### [SOURCE MATERIAL]
--- START ---

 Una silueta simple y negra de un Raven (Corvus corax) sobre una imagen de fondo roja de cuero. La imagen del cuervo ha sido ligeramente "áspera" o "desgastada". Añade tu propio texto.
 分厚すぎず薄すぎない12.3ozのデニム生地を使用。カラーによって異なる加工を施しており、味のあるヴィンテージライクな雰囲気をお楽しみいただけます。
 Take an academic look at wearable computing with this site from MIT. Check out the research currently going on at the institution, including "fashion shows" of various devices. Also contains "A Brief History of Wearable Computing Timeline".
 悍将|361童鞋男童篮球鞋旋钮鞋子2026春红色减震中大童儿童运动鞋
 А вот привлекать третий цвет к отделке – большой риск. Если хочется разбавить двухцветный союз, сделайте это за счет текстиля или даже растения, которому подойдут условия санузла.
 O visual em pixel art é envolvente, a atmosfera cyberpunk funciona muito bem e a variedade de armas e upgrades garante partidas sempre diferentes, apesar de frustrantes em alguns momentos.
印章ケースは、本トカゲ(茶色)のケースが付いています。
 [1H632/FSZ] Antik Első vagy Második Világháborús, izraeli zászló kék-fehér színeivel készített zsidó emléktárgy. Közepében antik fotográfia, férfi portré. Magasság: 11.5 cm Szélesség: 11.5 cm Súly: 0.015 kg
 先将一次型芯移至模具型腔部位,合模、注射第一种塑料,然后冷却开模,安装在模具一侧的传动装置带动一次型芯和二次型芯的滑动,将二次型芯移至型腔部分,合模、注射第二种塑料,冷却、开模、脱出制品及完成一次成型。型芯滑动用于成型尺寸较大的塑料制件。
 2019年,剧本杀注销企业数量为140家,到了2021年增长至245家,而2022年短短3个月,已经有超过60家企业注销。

--- END ---
--- START ---

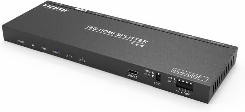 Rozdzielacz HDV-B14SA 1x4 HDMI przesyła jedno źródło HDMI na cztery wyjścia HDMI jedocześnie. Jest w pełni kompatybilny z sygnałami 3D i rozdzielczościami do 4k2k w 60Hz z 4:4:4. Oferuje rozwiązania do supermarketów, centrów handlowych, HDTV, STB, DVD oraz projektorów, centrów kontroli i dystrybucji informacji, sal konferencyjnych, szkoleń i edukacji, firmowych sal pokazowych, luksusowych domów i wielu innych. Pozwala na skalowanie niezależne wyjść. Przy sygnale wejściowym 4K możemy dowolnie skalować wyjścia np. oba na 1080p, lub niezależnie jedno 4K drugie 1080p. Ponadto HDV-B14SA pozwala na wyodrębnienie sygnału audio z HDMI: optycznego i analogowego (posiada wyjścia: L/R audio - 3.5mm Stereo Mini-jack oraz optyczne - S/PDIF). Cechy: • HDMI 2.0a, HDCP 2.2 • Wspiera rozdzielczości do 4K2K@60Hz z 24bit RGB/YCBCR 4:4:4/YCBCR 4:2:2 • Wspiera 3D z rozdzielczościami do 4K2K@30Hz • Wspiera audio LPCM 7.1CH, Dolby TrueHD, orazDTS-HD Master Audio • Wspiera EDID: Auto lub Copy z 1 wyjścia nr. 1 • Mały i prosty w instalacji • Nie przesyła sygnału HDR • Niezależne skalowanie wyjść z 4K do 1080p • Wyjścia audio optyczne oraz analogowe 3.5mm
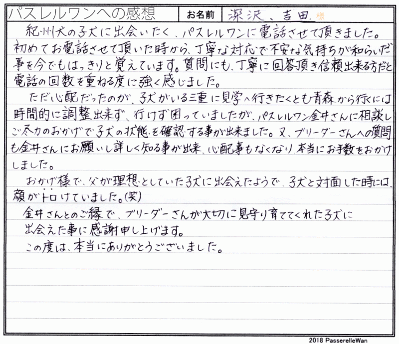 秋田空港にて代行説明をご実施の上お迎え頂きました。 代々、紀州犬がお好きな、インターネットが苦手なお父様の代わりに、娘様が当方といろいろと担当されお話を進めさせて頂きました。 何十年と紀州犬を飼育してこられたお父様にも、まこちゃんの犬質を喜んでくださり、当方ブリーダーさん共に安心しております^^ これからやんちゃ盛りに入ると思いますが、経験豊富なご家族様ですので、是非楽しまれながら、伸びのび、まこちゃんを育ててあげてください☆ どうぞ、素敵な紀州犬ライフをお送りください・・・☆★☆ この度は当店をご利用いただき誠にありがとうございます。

--- END ---

### [TASK REQUIREMENTS]
As listed above, the lines from the line with "Una silueta simple" to the line with "悍将|361童鞋男童篮球鞋旋钮鞋子2026春红色减震中大童儿童运动鞋" are to be echoed exactly, with both ends included and nothing added.

### [SOLUTION TO THIS EXERCISE]
 Una silueta simple y negra de un Raven (Corvus corax) sobre una imagen de fondo roja de cuero. La imagen del cuervo ha sido ligeramente "áspera" o "desgastada". Añade tu propio texto.
 分厚すぎず薄すぎない12.3ozのデニム生地を使用。カラーによって異なる加工を施しており、味のあるヴィンテージライクな雰囲気をお楽しみいただけます。
 Take an academic look at wearable computing with this site from MIT. Check out the research currently going on at the institution, including "fashion shows" of various devices. Also contains "A Brief History of Wearable Computing Timeline".
 悍将|361童鞋男童篮球鞋旋钮鞋子2026春红色减震中大童儿童运动鞋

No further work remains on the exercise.